"Yes, sir; she did."
The coroner's face assumed a yet greater gravity, and his manner became more and more impressive.
"Can you go a step farther and say that she ever acknowledged herself to have cherished apprehensions of her personal safety, during these years of weary waiting on the part of the naturally impatient heirs?"
A distressed look crossed the amiable spinster's face, and she looked around at the jury with an expression almost deprecatory in its nature.
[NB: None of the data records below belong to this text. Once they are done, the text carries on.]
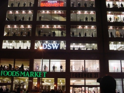 It was amazing how eye-catching her performance had been. I began to look at the building as a whole. The structure had been empty for years. I remember giving a Circle Line Tour of the area and announcing it “Prime Retail Space” as the For Sale banner hanging inside called it. In October of last year, the space was finally leased. Forever 21 (a woman’s clothing store), DSW (a shoe store), and Filene’s Basement (a discount department store) opened their doors for business in this 6 floor complex. On Wednesday, Whole Foods Market, the final store in the building, had its grand opening.
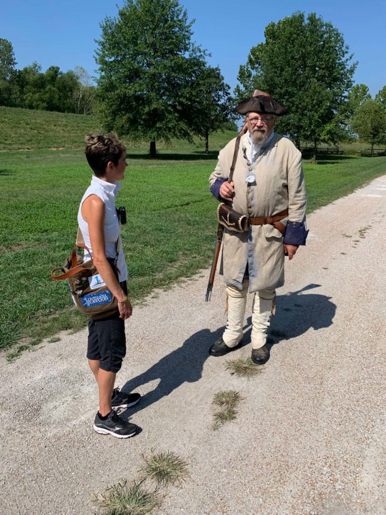 As we walked and talked with Tim, we ran into Don Martin, lead volunteer at the site, and he mentioned that Darrell was parked up the drive waiting for us. Tim drove out to let him know we were already on the grounds and bring him in. But instead of riding back in with Tim, Darrell made a grand entrance as he paraded down the path in the period costume of the French Marines, musket slung over his shoulder, and so we made our way over to meet him half way. While we did talk about the specifics of his costume and the layout of the fort itself, most interesting to me was the story of his time running the grounds and the changes that took place over the forty some odd years.
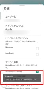 Nintendoの✔部分をタップすると、連携が解除されました。と表示されます。
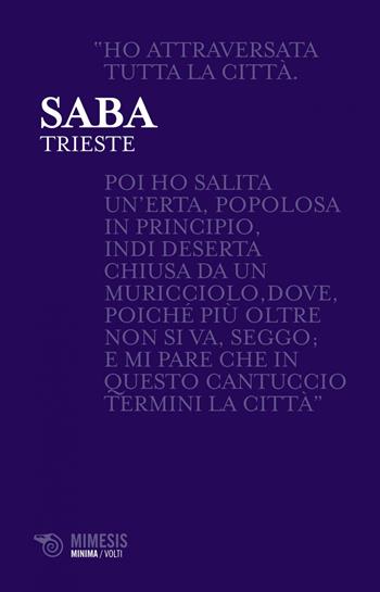 Per la prima volta sono qui pubblicate le tre differenti stesure (1912 – 1921 – 1945) della poesia più famosa di Umberto Saba: “Trieste”, da cui partire per leggere lo scrittore - profondamente parte della terra giuliana - alla luce della plurale complessità della sua città, al contempo italiana, slovena e mitteleuropea. Un universo emotivo, sociale, politico e culturale capace di nutrire i versi che raccontano piazze, vie, rive e mare, sferzate dalla bora e accarezzate dal sole, là dove si infrange l’ultima onda del Mediterraneo.

"I scarcely know what answer to give," she hesitatingly declared. "It is a good deal to say that she was apprehensive; but I cannot help remembering that she once told me her peace of mind had left her since she knew there were persons in the world to whom her death would be a matter of rejoicing. 'It makes me feel as if I were keeping people out of their rights,' she remarked at the same time. 'And, though it is not my fault, I should not be surprised if some day I had to suffer for it.'"
"Was there ever any communication made to Mrs. Clemmens by persons cognizant of the relation in which she stood to these Hildreths?—or any facts or gossip detailed to her concerning them, that would seem to give color to her fears and supply her with any actual grounds for her apprehensions?"
"No; only such tales as came to her of their expensive ways of living and somewhat headlong rush into all fashionable freaks and follies."
"And Gouverneur Hildreth? Any special gossip in regard to him?"
"No!"
There are some noes that are equivalent to affirmations. This was one of them. Naturally the coroner pressed the question.